Engineers help artificial intelligence to learn more safely in the real world

UNIVERSITY PARK, Pa. – Penn State researchers are looking for a safer and more efficient way to use machine learning in the real world. Using a simulated high-rise office building, they developed and tested a new reinforcement learning algorithm that aims to improve energy consumption and occupant comfort in a real-world environment.
Greg Pavlakassistant professor of architectural engineering at Penn State, presented the results of the paper he co-authored, “Constrained Differentiable Cross-Entropy Method for Safe Model-Based Reinforcement Learning,” at the Association for Computing Machinery International Conference on Systems for Energy- offered. Efficient built environments (BuildSys) Conference, which was held November 9-10 in Boston.
“Reinforcement learning agents explore their environments to learn optimal actions through trial and error,” Pavlak said. “Due to challenges in simulating the complexities of the real world, there is a growing trend to train reinforcement learning agents directly in the real world instead of in simulation.”
However, implementing reinforcement learning in real-world settings presents its own challenges, according to the researchers.

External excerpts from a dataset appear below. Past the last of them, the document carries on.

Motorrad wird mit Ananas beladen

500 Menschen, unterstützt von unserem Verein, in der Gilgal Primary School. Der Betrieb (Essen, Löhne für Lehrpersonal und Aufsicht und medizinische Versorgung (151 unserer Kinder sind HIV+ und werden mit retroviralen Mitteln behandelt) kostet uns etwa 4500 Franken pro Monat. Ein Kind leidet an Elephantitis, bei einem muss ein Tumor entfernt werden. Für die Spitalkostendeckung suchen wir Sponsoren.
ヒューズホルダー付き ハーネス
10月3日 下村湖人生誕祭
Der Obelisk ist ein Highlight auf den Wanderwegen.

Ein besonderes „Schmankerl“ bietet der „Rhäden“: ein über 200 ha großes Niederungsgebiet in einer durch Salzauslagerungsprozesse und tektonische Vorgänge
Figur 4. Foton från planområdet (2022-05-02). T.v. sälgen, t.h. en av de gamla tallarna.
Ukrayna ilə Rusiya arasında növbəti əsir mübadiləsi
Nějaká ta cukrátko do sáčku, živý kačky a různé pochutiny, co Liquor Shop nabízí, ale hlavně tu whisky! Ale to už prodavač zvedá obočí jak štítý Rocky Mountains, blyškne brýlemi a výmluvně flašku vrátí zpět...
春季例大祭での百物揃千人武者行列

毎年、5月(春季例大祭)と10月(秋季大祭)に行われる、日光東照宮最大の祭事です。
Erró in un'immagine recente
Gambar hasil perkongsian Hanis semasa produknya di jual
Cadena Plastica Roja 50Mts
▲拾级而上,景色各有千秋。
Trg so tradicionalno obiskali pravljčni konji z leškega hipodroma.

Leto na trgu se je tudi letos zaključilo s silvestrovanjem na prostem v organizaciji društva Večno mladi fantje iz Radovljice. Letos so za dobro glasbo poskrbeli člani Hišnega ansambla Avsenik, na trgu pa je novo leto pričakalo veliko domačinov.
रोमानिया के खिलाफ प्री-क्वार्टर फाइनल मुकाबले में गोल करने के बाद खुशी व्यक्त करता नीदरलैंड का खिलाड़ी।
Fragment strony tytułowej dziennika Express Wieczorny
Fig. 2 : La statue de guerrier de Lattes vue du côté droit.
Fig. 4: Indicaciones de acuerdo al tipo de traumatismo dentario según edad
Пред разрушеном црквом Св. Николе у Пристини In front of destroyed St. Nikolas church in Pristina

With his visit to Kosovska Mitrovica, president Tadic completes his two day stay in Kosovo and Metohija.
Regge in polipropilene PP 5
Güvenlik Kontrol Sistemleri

“Two critical requirements for real reinforcement learning are efficient learning and safety considerations,” said Sam Mottahedi, co-author of the paper, who was a Penn State doctoral student of architectural engineering when the study was conducted. “Some reinforcement learning systems require millions of interactions and multiple years to learn the optimal policy, which is not practical in real-world scenarios. In addition, there is the potential for them to make bad decisions that generate undesirable results or lead to unsafe outcomes.”
This concern led the researchers to ask the question: How do we develop algorithms that enable these types of reinforcement learning agents to learn safely in the real world without making very bad decisions that cause things to break or people to get hurt?
The researchers used an existing model-based reinforcement learning approach to train their model to make decisions. This artificial intelligence agent – the control algorithm – uses trial and error to interact with the environment, which for their project was a building.
“The safety critical factor of our research was at least not breaking anything in the building and ensuring that the occupants are always comfortable,” Pavlak said. “While we don’t have to worry about someone getting hit by a car, which is a concern for reinforcement learning in self-driving cars, we do have to worry about building equipment operating limitations.”
The researchers wanted to minimize energy consumption without compromising thermal comfort, which ranges from -3, too cold, to +3, too hot. If the control algorithm completed an action that resulted in comfort being outside the -0.5/+0.5 range, it would be penalized. The control algorithm was able to maintain a -0.5/+0.5, which is an acceptable standard in the construction industry.
“If the controller is tuned to, for example, find the best energy consumption, it will be rewarded for achieving this good behavior,” Pavlak said. “Alternatively, if it does something that increases energy consumption, it will be penalized for bad behavior. This trial-and-error approach reinforces learning by gathering information so the controller can decide what to do next.”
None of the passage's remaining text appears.